Фофанов, не дожидаясь утра, бросился навещать жену.

В больнице его встретил дежурный врач.

– Скажите, доктор, здесь лежит такая-то? – обратился к нему Фофанов.

– Здесь.

– Каково ее положение? Что с ней?

– Ничего серьезного, господин поручик, у нее осложнение после аборта, уже проходит…

Поручик взревел от гнева и боли:

– Не может быть, доктор! Вы, наверное, перепутали! Я муж, я два года не был дома…

Смущенный доктор молча протянул офицеру «скорбный лист».

– Вот диагноз, история болезни.

Фофанов ворвался в женскую палату, отыскал жену и сонную пригвоздил тремя выстрелами из нагана к койке. А затем пошел заявлять властям об убийстве.

Его арестовали. Предстоит суд. Прислал в полк письмо.

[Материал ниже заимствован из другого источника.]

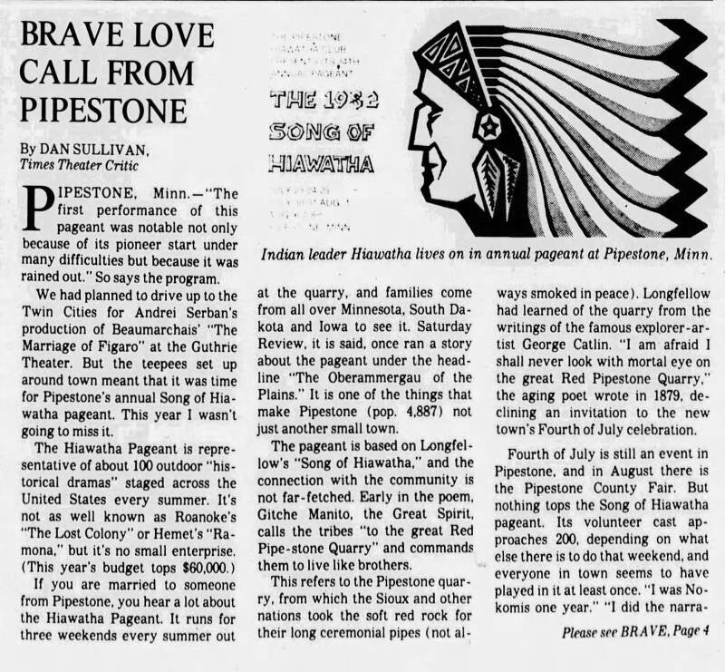 Song of Hiawatha Pageant - Old Newspaper Posting

Просит офицеров о помощи.

В полку поручик Фофанов популярен как «боевой» офицер.

Составили длинную телеграмму с перечнем всех боевых заслуг Фофанова и послали в несколько адресов.

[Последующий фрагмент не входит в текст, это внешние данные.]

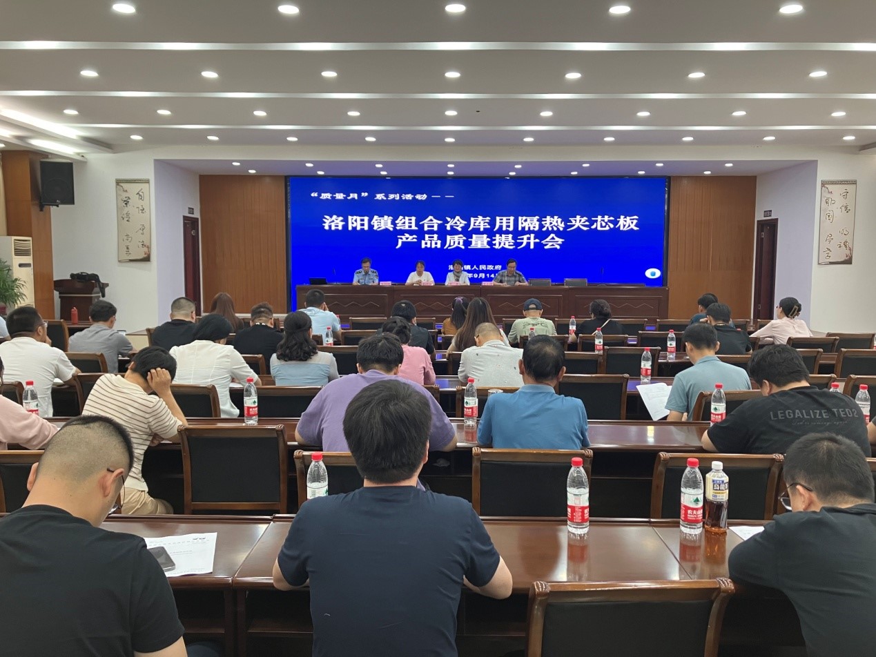 洛阳镇王小虎副镇长首先介绍了“质量月”的意义和主题,强调企业是质量强国的主力军,企业要增强质量意识,要积极地参与质量发展事业,重视质量、追求质量、崇尚质量,打造全要素新型质量管理企业,从而推动经济社会高质量发展。随后,王燕总工介绍了冷链用聚氨酯泡沫行业背景、生产工艺、发泡剂应用及生态环境监管及政策等内容。周晓玲副主任介绍了组合冷库用隔热夹芯板执行的产品标准、技术要求、检测技术及影响因素等内容,重点解答了企业在标准理解、质量管控、检验规则等方面的疑问和难点,并就今后如何协助企业不断提升组合冷库用隔热夹芯板产品质量进行了磋商。会后,和镇政府相关负责人、企业代表进行了进一步交流,讨论在加快降低碳排放步伐、落实“双碳”战略中如何结合省院先进的技术能力和企业的科技创新,带动行业升级改造,实现产品高质量发展,从而提升产业和经济的竞争力。

Сочувствие всех офицеров явно на стороне Фофанова.

– Из-за какой-то паршивой бабы лучший офицер на каторгу пойдет.

– Каждый из пас поступил бы так.

– Он тут кровь проливал, а она от абортов лечится.

Особенно возмущается прапорщик Змиев:

– Я бы не так сделал. Я бы сначала выпытал у нее, от кого забеременела, потом пришил бы ее и пошел к «своячку». Если он военный – на дуэль, пожалуйте. Если шпак – просто стукнул бы из нагана без лишних разговоров – и делу конец.

Змиеву поддакивают и молодые, и старые офицеры.

И никто ни словом не обмолвился о том, что подпоручик Фофанов за два года войны изменял жене сотни раз, что в походах на каждом биваке он имел любовниц, что гонялся за каждой юбкой.

* * *

Из Петрограда прибыл в нашу роту для «исправления» в чем-то проштрафившийся аристократ-гуляка юнкер Щербацкий.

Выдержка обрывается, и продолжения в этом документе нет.